Pear-Stuffed Cardamom Bread

This bread is very loosely inspired by Swedish pulla bread. The cardamom gives warmth and a bit of je ne sais quoi to a rich and soft bread and the pears melt into a delicious filling.

Are you sold yet?

If not, you should know that this bread is also incredibly easy to make, but looks super-fancy and will definitely impress anyone you share it with.

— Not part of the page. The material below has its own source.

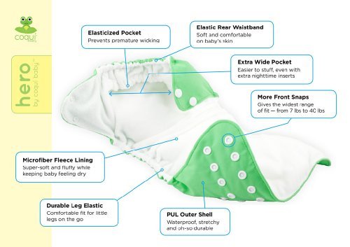 -. Feature : • The Hero is named after the Hero's Journey, the transformation every woman makes to become Mother and Child. At Coquí we celebrate families and are passionate about adding joy to parenting. We back our products with the Coquí Baby® Scout's Honor 30-day Money Back Guarantee and 12-month Bumper-to-Bumper Product Replacement. / • Comparable quality to diapers costing twice the P.R.Ice, the Hero is unbeatable value. It is known for its super-soft, stay-dry fluffy inner liner, making Baby the most comfortable they can be. It is made with 5% Active Wick Athletic-Grade fleece, so the Hero gives your little athlete the performance and fluff they need and love, long after the soft lining of other brands has eroded away. / • The Hero is incredibly trim and well-fitting across an industry-leading range of 7 to 40+ lbs. This provides you and your baby with a true, more comfortable birth-to-potty diaper. / • Outer PUL lining breathes while waterproofs. Soft elasticized pocket opening is placed in back below the leading edge so soakers don't escape and cause premature wicking. Pocket opening makes for easy custom-stuffing for mix n' match ease! Two microfiber inserts included: 1 rectangular (15.75 x 5.25 inches); 1 hourglass shape (12 x 5.25 inches). The Hero is 100% polyester. / •All materials that go into the Hero are all certificated by GOTS with Oeko-Tex Standard 100 to ensure no harmful dyeing agents are used. The fabric manufacturing process has been lab-tested by Intertek. The Hero is also available in MINKY!

No pressure to share though, I won’t tell.

Makes: 2 loaves

Ingredients:

  • 1 cup whole milk
  • 1/4 cup unsalted butter
  • 1/4 cup warm water
  • 1/2 tsp quick rise yeast
  • 1/2 cup plus 1 tsp white sugar
  • 2 eggs, room temperature
  • 1 tsp salt
  • 4 cups AP flour, divided
  • 1 tsp cardamom
  • 2 ripe pears, peeled and cored and finely sliced
  • 1/4 cup apple jam or apricot jam

Directions:

  1. Heat milk (1 cup) until steaming (not boiling)
  2. Add butter (1/4 cup) to milk and stir until melted, set aside to cool off a bit
  3. Stir together warm water (1/4 cup), yeast (1/2 tsp) and 1 tsp sugar, let stand for 10 minutes until bubbles start to form on top of the water
  4. In a large bowl, whisk together sugar (1/2 cup), eggs (2), and cooled milk and butter mixture
  5. In a medium bowl, stir together salt (1 tsp), 1 cup of the AP flour, and cardamom (1 tsp)
  6. Add dry mixture to wet ingredients and stir in
  7. Gradually add the rest of the flour, 1/2 cup at a time, until a soft dough is formed
  8. Place bowl in a lightly oiled or buttered bowl, covered with a damp cloth, until doubled in size (about 45-60 minutes)
  9. Shape the dough:
    • Split the dough in half, then divide each half into thirds
    • Stretch each piece into a long rectangle, about 18 inches (45 cm) long and 4 inches (10 cm) wide
    • Arrange sliced pears on dough and then roll the dough into a tube (remember when you were in kindergarten and made snakes out of playdough? like that)
    • Form two braids and carefully tuck the ends underneath
  10. Preheat oven to 350 degrees f
  11. Let the dough rise again for another 30-45 minutes
  12. Warm up the jam for 10-15 seconds in the microwave so it is runny and brush each loaf with jam
  13. Bake loaves on a parchment lined cookie sheet for 20-30 minutes, until nicely golden and the bottom is fully baked
  14. Let cool before slicing

Notes:

  • Don’t worry if you don’t use all of the flour. Like many DIY projects, sometimes there are some extra parts left over and that is fine.
  • I suggest freezing any uneaten parts of the bread. Also, you can freeze the dough before the first rise and use it later, just let it warm up to room temperature and double in size and then treat it as normal.
  • If you happen to have any leftovers, I have two words for you… French toast!